2) an oral examination face to face on campus with Dr. Bellarsi, in session this time (dates in the first fortnight of June to be confirmed). The oral examination will cover, once again, the entirety of the tuition given (formal lectures + tutorials reinforcing them).

Besides questions relating to the texts discussed in class, the oral examination will also involve a part discussing your May essay: so what you wrote will also serve as a basis for questions asking you to clarify or develop further certain points you made in your written argument (this is, incidentally, your opportunity to "repair" certain omissions or ambiguities in your writing--this continuity between the written and the oral examinations is part of a constructive pedagogical dynamic).

N.B.: should a student not succeed in a given academic year (overall grade below 10/20), PLEASE NOTE THAT PARTIAL GRADES ATTRIBUTED TO INDIVIDUAL QUESTIONS WILL NOT BE TRANSFERRED FROM ONE ACADEMIC YEAR TO THE NEXT.

IMPORTANT: in conformity with Article 40 of the "Règlement des études" (Regulations Governing Studies at ULB) and the use of Generative Artificial Intelligence tools defined therein, students are prohibited from resorting to GAI in order to complete a learning task or demonstrate the acquisition of a skill meant to be assessed in a given examination ("recourir à une IAG pour effectuer la tâche ou démontrer la compétence sur lesquelles porte l’évaluation concernée"). If an answer offered during the evaluation process is clearly IAG-based, this will automatically lead to the cancellation of the examination pure and simple. 

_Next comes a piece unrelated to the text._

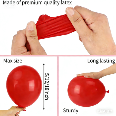 Ce kit de ballons est principalement composé deballons en latexet plusieursballon en aluminium. Leurs ballons en latex sont de couleurs rouge, rose et blanche. Ils sont fabriqués à partir de latex 100% naturel, totalement écologique et inoffensif pour le corps humain. Et leur taille est également variée. Afin de créer une belle couche, les tailles de ballons en latex vont de 5 pouces à 12 pouces. Les disposer dans le set est très simple, nous préparons également la colle à points et la chaîne de ballons avec. Ainsi, tout en l'organisant, vous pouvez le faire avec flexibilité.

Mark calculation method (including weighting of intermediary marks)

The breakdown of the final mark is as follows:

1) the essay written "out of session" will correspond to 50% of the total mark (with a quarter of the essay result corresponding to the grammatical and lexical quality of written English).

2) the in-session oral examination will correspond to the remaining 50% of the total mark (again with a quarter of the oral grade being attributed to the quality of spoken English (grammatical, phonetic, lexical accuracy + fluency).